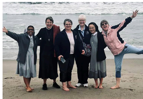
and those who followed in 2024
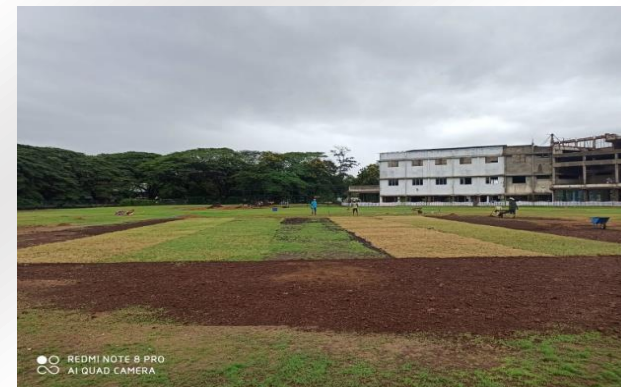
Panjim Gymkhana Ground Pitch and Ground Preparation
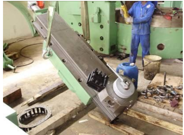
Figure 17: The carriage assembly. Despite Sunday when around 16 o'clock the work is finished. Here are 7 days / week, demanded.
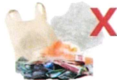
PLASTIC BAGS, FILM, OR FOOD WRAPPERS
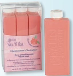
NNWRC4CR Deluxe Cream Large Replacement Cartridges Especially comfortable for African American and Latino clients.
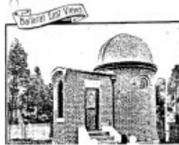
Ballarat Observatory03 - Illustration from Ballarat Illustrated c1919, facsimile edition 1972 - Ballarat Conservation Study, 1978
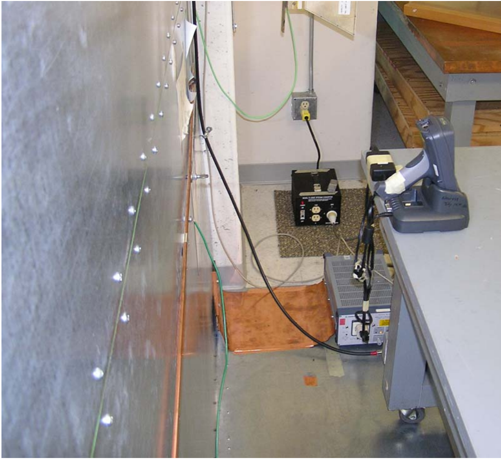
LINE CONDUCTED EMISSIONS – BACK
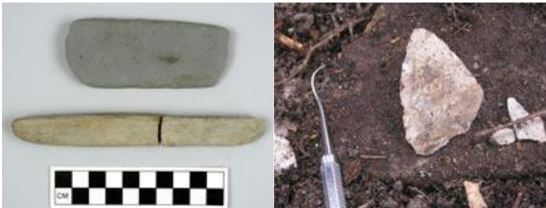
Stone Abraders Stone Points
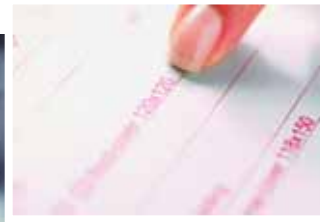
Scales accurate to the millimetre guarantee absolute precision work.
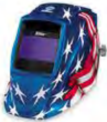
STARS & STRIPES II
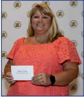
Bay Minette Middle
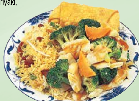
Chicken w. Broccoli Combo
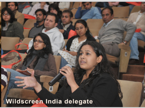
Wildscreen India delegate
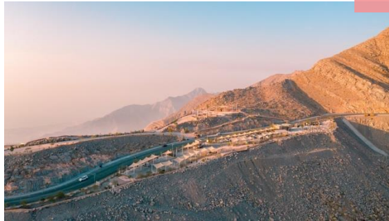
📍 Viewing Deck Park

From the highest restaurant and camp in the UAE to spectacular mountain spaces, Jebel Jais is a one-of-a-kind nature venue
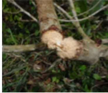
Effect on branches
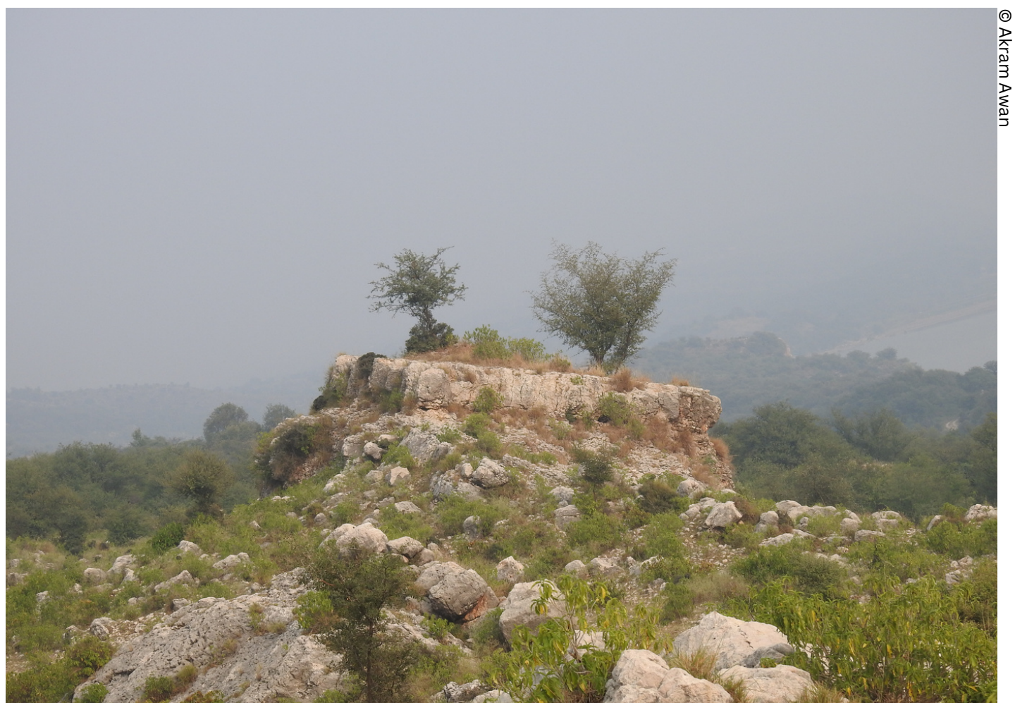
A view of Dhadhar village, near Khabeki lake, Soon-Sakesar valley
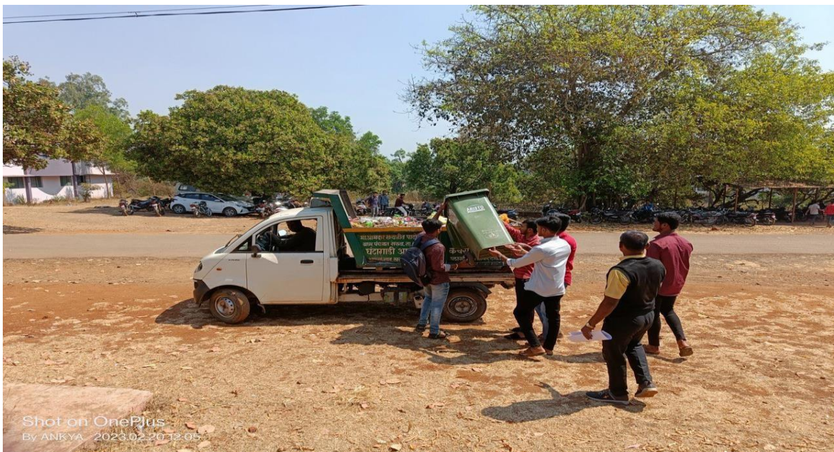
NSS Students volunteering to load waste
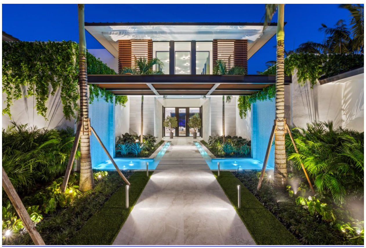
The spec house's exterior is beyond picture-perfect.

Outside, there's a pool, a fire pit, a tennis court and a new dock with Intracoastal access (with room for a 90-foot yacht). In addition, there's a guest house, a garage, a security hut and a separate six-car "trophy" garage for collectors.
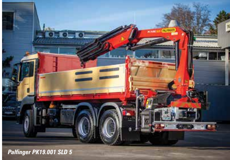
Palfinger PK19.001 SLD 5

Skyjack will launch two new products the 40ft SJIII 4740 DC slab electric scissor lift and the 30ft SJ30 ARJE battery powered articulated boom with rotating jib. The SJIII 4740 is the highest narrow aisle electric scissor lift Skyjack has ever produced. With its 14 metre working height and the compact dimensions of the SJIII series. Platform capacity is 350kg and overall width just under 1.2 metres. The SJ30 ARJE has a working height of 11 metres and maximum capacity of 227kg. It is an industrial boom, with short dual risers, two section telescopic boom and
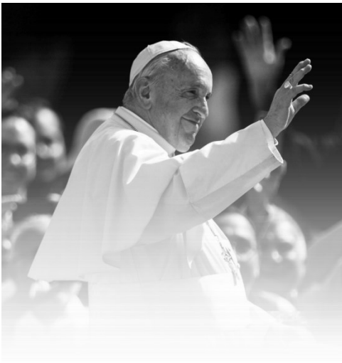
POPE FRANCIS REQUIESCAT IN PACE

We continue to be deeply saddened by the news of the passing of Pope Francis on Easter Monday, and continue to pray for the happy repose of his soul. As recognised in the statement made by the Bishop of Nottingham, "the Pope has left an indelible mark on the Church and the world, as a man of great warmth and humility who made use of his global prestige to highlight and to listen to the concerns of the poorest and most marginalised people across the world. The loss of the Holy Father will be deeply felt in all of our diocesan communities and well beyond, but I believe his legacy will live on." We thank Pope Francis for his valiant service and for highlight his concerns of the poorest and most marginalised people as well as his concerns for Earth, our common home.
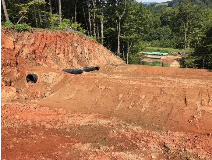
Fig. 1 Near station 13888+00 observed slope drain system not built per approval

^^^^

> Description of the task
Word-for-word copy, no pictures: write out the entries above in full.

> Result of the task
and those who followed in 2024
Panjim Gymkhana Ground Pitch and Ground Preparation
Figure 17: The carriage assembly. Despite Sunday when around 16 o'clock the work is finished. Here are 7 days / week, demanded.
PLASTIC BAGS, FILM, OR FOOD WRAPPERS
NNWRC4CR Deluxe Cream Large Replacement Cartridges Especially comfortable for African American and Latino clients.
Ballarat Observatory03 - Illustration from Ballarat Illustrated c1919, facsimile edition 1972 - Ballarat Conservation Study, 1978
LINE CONDUCTED EMISSIONS – BACK
Stone Abraders Stone Points
Scales accurate to the millimetre guarantee absolute precision work.
STARS & STRIPES II
Bay Minette Middle
Chicken w. Broccoli Combo
Wildscreen India delegate
📍 Viewing Deck Park

From the highest restaurant and camp in the UAE to spectacular mountain spaces, Jebel Jais is a one-of-a-kind nature venue
Effect on branches
A view of Dhadhar village, near Khabeki lake, Soon-Sakesar valley
NSS Students volunteering to load waste
The spec house's exterior is beyond picture-perfect.

Outside, there's a pool, a fire pit, a tennis court and a new dock with Intracoastal access (with room for a 90-foot yacht). In addition, there's a guest house, a garage, a security hut and a separate six-car "trophy" garage for collectors.
Palfinger PK19.001 SLD 5

Skyjack will launch two new products the 40ft SJIII 4740 DC slab electric scissor lift and the 30ft SJ30 ARJE battery powered articulated boom with rotating jib. The SJIII 4740 is the highest narrow aisle electric scissor lift Skyjack has ever produced. With its 14 metre working height and the compact dimensions of the SJIII series. Platform capacity is 350kg and overall width just under 1.2 metres. The SJ30 ARJE has a working height of 11 metres and maximum capacity of 227kg. It is an industrial boom, with short dual risers, two section telescopic boom and
POPE FRANCIS REQUIESCAT IN PACE

We continue to be deeply saddened by the news of the passing of Pope Francis on Easter Monday, and continue to pray for the happy repose of his soul. As recognised in the statement made by the Bishop of Nottingham, "the Pope has left an indelible mark on the Church and the world, as a man of great warmth and humility who made use of his global prestige to highlight and to listen to the concerns of the poorest and most marginalised people across the world. The loss of the Holy Father will be deeply felt in all of our diocesan communities and well beyond, but I believe his legacy will live on." We thank Pope Francis for his valiant service and for highlight his concerns of the poorest and most marginalised people as well as his concerns for Earth, our common home.
Fig. 1 Near station 13888+00 observed slope drain system not built per approval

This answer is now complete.